On Wed, 5 Feb 2014 11:49:19 -0600 Les Mikesell <lesmikes...@gmail.com>
wrote:
> On Wed, Feb 5, 2014 at 6:14 AM,  <r...@rayholtz.com> wrote:
> > Thanks guys, I'll keep checking and trying.  I needed to rebuild
> > this linux server anyway so I'll try again with updated software.
> > But Windows isn't part of this.  like I originally said, the
> > mountpoint for /var/lib/backuppc is an Iomega NAS, so I'm pretty
> > sure there is some flavor of Linux/BSD/something under the hood.
> 
> If your NAS device supports NFS, that is probably the easiest route to
> a working backuppc.

If your NAS doesn't provide NFS, many do provide iSCSI, which is just
like a disk but attached via network. Can be partitioned (if wanted),
formatted with the filesystem of your choice and mounted.

On a side-note: From 3+ years with backuppc on various installations
one tip: Don't use backuppc with external storage. Use it with a disk
directly in the machine where its doing its processing. Build your own
backuppc-machine, run it as a virtual machine with enough disk,
whatever. But don't make your fail-safety depend on external resources.
When you have backuppc on a machine with enough disk, its just a matter
of this machine running. When you have backuppc on one
(virtual-)machine depending on storage from a second machine (or NAS
for that matter), its a matter of two devices running and
communicating. So instead of a_1 for the availability of
backuppc-machine with range [0:1], its
  a_1 * a_2 (* a_3)
where
  a_1 = availability of backuppc-machine
  a_2 = availability of storage-device
  a_3 = availability of connecting switch/infrastructure
all with range [0:1].

Lets assume all are up to 99%, that is a_1 = a_2 = a_3 = 0.99, then the
single machine solution gives you an availability of 99%, while the
multi-device-solution gives you 0.97, that is 97% availability maximum.

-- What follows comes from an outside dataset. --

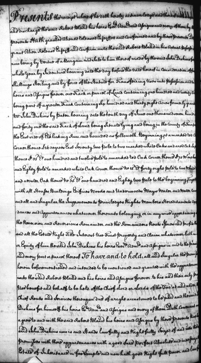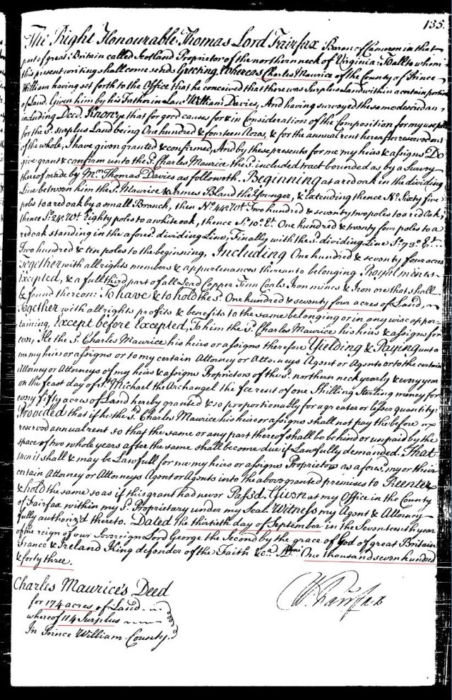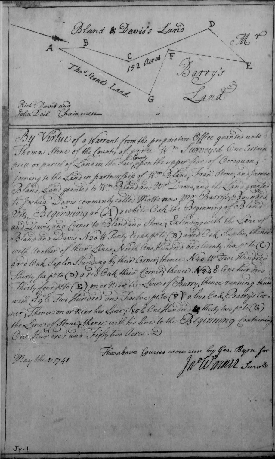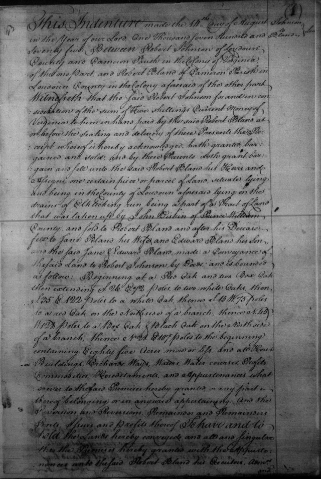 1 – 1711 deed to William Bland, James Bland and Francis Stone for 354 acres on both sides of Occoquan
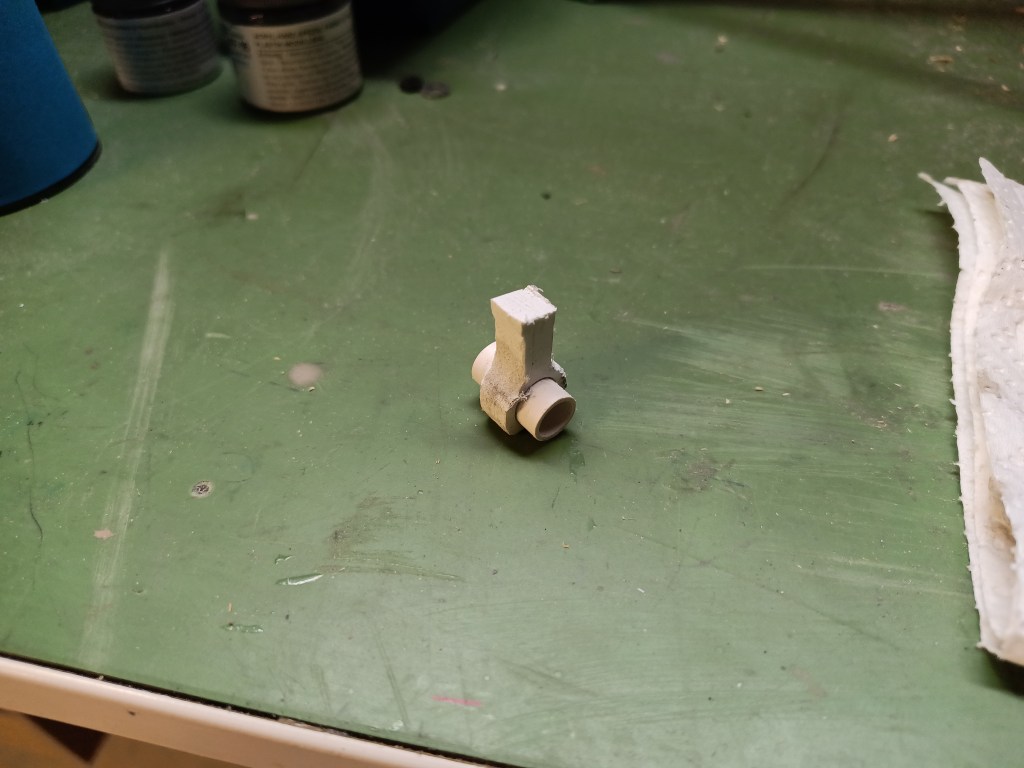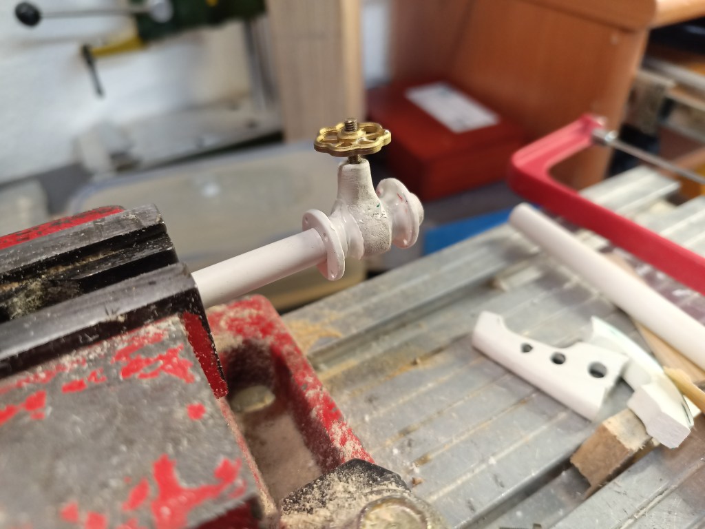 It already looks really real. The turned collar of the sealing surface was represented by a glued-on, drilled, and rounded plastic plate. Now all that’s left is to sand the contours…😏

And then there is the installations where the backuppc-machine is also
the router and dhcp-server. So the dhcp-server won't start because it
can't mount the backuppc-storage. And the NAS won't start because it
can't get an IP...

tl;dr:

Don't use NASes as external disk for backuppc. Only save archives
('tapes') to external iSCSI-, NFS- or CiFS-resources.